Oh, and the year was 1100, as far as we can tell from the Latin document.

MDF - These quizzes are so hard these days, I wouldn't be at all surprised if our miller put in an appearance!

AV - Thank you. Middenshire, rather like Cornwall, had many saints. We've barely begun...

Mo - not me, guv! In the Saxon v Norman debate, I'd be on the side of the former!

Vodka Mom said...

don't have time to read it ALL- I am off to school.
Just wanted to say GOod morning!!

Everyday Goddess said...

I can't wait for the DVD version of this post to be released.

Are you going to be acting in the role as St. Gug?

Chris Hale said...

Hi VM.

Sun's over the yard-arm...time for a little snifter, I think. Make mine a double.

Hi CG

No, I don't think I'd make a very good St. Gug.

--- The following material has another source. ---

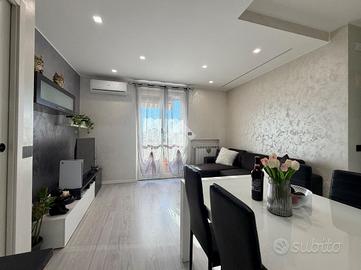 In zona residenziale a Calusco d'Adda proponiamo in vendita un elegante bilocale di 60 mq, recentemente ristrutturato, caratterizzato da uno stile moderno e ambienti luminosi e ben organizzati. L'appartamento si apre su una spaziosa zona giorno con cucina a vista in open space, resa accogliente grazie all'ottima esposizione e alla luce naturale. Un disimpegno ci conduce alla zona notte, composta da una confortevole camera da letto matrimoniale e da un bagno finestrato dotato di ampia doccia. Punto di forza dell'immobile è il grande terrrazzo, ideale per momenti di relax all'apero e perfetto per pranzi e cene in compagnia. Completano la proprietà un curato giardino condominiale, che aggiunge ulteriore valore all'immobile, il box da 22 mq e la cantina al piano interrato. Soluzione idelale per chi cherca comfort, privacy e uno stile moderno in un contesto tranquillo con spazi esterni vivibili.

I need to be fatter, more pious, and with a lot less hair. Danny de Vito could play the part if he managed to get rid of his apparent anger management issues. But I really need someone Shakespearian.

Tess Kincaid said...

That that is an entirely new taste test! And I'm curious, is it pronounced "goog" or "gug"?

One little tidbit of Miller trivia is that WT and I both have gg grandmothers with the maiden name Miller.

Chris Hale said...

Willow - The Middenshire accent was very like that of Dorset. The pronunciation was probably close to Gurg.

So, there are Millers in your family? It doesn't necessarily mean that your ancestors were misely old curmudgeons...they may have been related to the good St. Gug!

Raph G. Neckmann said...

How amazing! I like the bit where the grind stones were miraculously returned to sand!!